But if not for Peres, even Agassi might not have dared to pursue his own idea. After hearing Agassi make his pitch for oil
independence, Peres called him and said, “Nice speech, but what are you going to
do
?”
1

Until that point, Agassi says, he “was merely solving a puzzle”—the problem was still just a thought experiment. But Peres
put the challenge before him in clear terms: “Can you really do it? Is there anything more important than getting the world
off oil? Who will do it if you don’t?” And finally, Peres added, “What can I do to help?”
2

Peres was serious about helping. Just after Christmas 2006 and into the first few days of 2007, he orchestrated for Agassi
a whirlwind of more than fifty meetings with Israel’s top industry and government leaders, including the prime minister. “Each
morning, we would meet at his office and I would debrief him on the previous day’s meetings, and he’d get on the phone and
begin scheduling the next day’s meetings,” Agassi told us. “These are appointments I could never have gotten without Peres.”

Peres also sent letters to the five biggest automakers, along with Agassi’s concept paper, which was how they found themselves
in a Swiss hotel room, waiting on what was likely to be their last chance. “Up until that first meeting,” Agassi said, “Peres
had only heard about the concept from me, a software guy. What did I know? But he took a risk on me.” The Davos meetings were
the first time Peres had personally tested the idea on people who actually worked in the auto industry. And the first industry
executive they’d met had not only shot down the idea but spent most of the meeting trying to talk Peres out of pursuing it.
Agassi was mortified. “I had completely embarrassed this international statesman,” he said. “I made him look like he did not
know what he was talking about.”

But now their second appointment was about to begin. Carlos Ghosn, the
CEO
of Renault and Nissan, had a reputation in the business world as a premier turnaround artist. Born in Brazil to Lebanese
parents, he is famous in Japan for taking charge of Nissan, which was suffering massive losses, and in two years turning a
profit. The grateful Japanese reciprocated by basing a comic-book series on his life.

Peres began to speak so softly that Ghosn could barely hear him, but Agassi was astounded. After the pounding they had just
received in the previous meeting, Agassi expected that Peres might say something like, “Shai has this crazy idea about building
an electric grid. I’ll let him explain it, and you can tell him what you think.” But rather than pulling back, Peres grew
even more energetic than before in making the pitch, and more forceful.
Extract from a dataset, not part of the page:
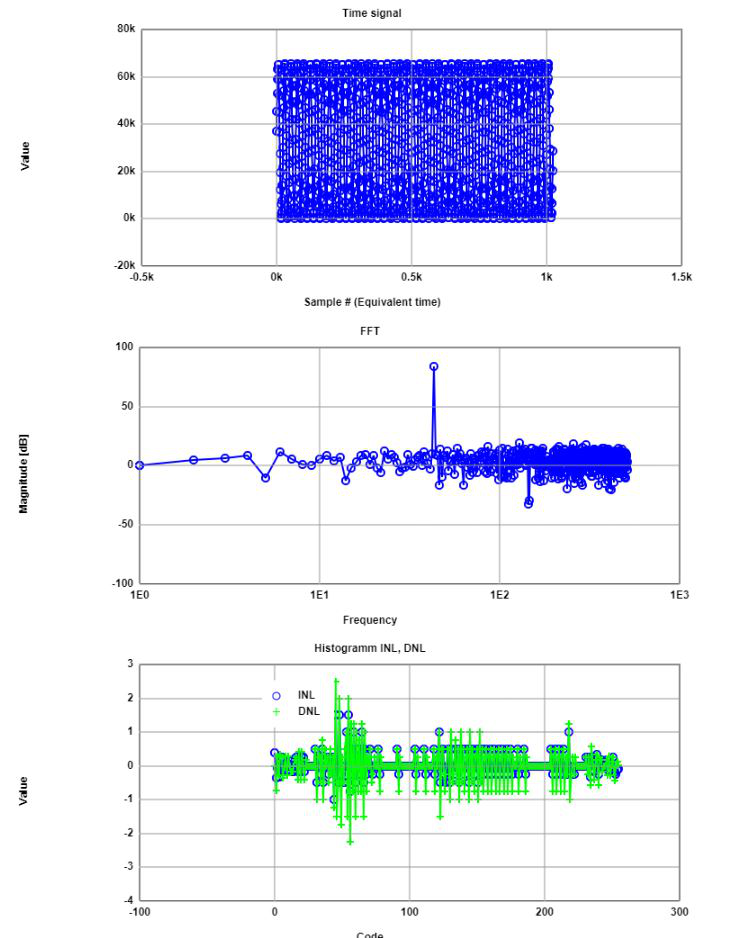 of FFT, INL, DNL and SNR were documented and analysed. For circuitry analysis the ramp and sine
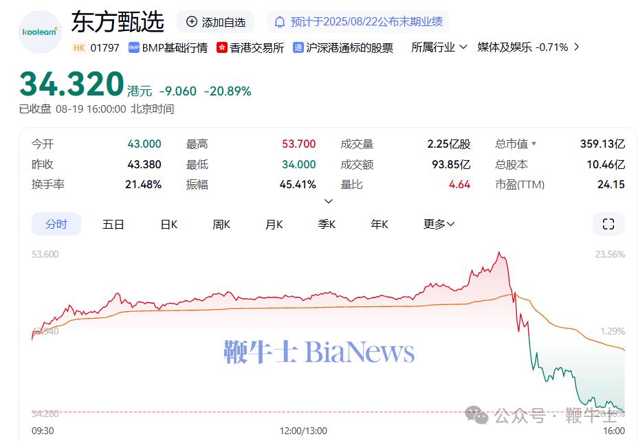 截至收盘,东方甄选跌20.89%,报34.32港元,振幅45.41%,成交金额93.85亿港元。

Oil is finished, he said; it may still be coming out of the ground, but the world doesn’t want it anymore. More importantly,
Peres told Ghosn, it is financing international terrorism and instability. “We don’t need to defend against incoming Katyusha
rockets,” he pointed out, “if we can figure out how to cut off the funding that launches them in the first place.”

Then Peres tried to preempt the argument that the technology alternative just didn’t exist yet. He knew that all the big car
companies were flirting with a bizarre crop of electric mutations—hybrids, plug-in hybrids, tiny electric vehicles—but none
of them heralded a new era in motor vehicle technology.
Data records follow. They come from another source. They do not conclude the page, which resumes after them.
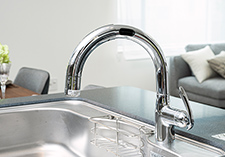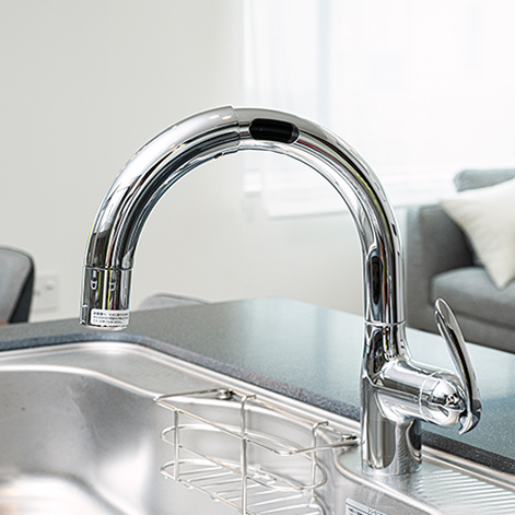 キッチンと洗面所の水栓はタッチレス式を採用。手が汚れていても触れずに使えるため清潔。また、こまめに水を止められるので節水にもなります。
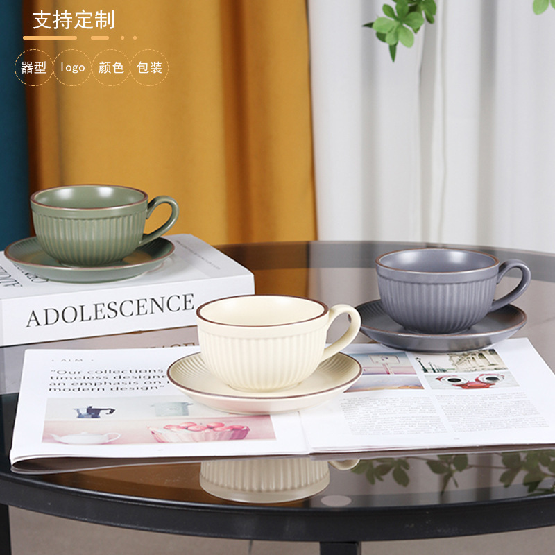 高級レトロセラミックコーヒーカップセットプルカップコーヒーカップ皿洗練された朝食カップ家庭用釉薬マグカップ
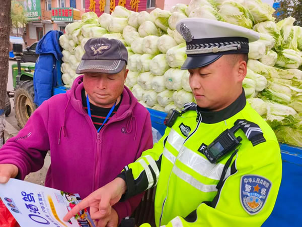 針對(duì)秋菜運(yùn)輸車(chē)輛多為農(nóng)用車(chē)型、駕駛員交通安全意識(shí)相對(duì)薄弱的特點(diǎn),交管民警們還化身“流動(dòng)宣傳員”。在臨時(shí)停靠點(diǎn),他們會(huì)主動(dòng)遞上交通安全手冊(cè),用通俗易懂的語(yǔ)言講解“不超載、不搶道、不疲勞駕駛”等注意事項(xiàng);看到有的農(nóng)用車(chē)輛反光標(biāo)識(shí)陳舊或破損,便及時(shí)給予補(bǔ)充粘貼,并不厭其煩地講解反光貼的重要作用。一句句樸實(shí)的叮囑,讓農(nóng)戶(hù)們感受到實(shí)實(shí)在在的關(guān)懷。

Just then, again about five minutes into Peres’s pitch, the visitor stopped him. “Look, Mr. Peres,” Ghosn said, “I read Shai’s
paper”—Agassi and Peres tried not to wince, but they felt they knew where this meeting was heading—“and he is absolutely right.
We are exactly on the same page. We think the future is electric. We have the car, and we think we have the battery.”

Peres was almost caught speechless. Just minutes ago they’d received an impassioned lecture on why the fully electric car
would never work and why hybrids were the way to go. But Peres and Agassi knew that hybrids were a road to nowhere. What’s
the point of a car with two separate power plants? Existing hybrids cost a fortune and increase fuel efficiency by only 20
percent. They wouldn’t get countries off oil. In Peres and Agassi’s view, hybrids were like treating a gunshot wound with
a Band-aid.

But they had never heard all this from an actual carmaker. Peres couldn’t help blurting out, “So what do you think of hybrids?”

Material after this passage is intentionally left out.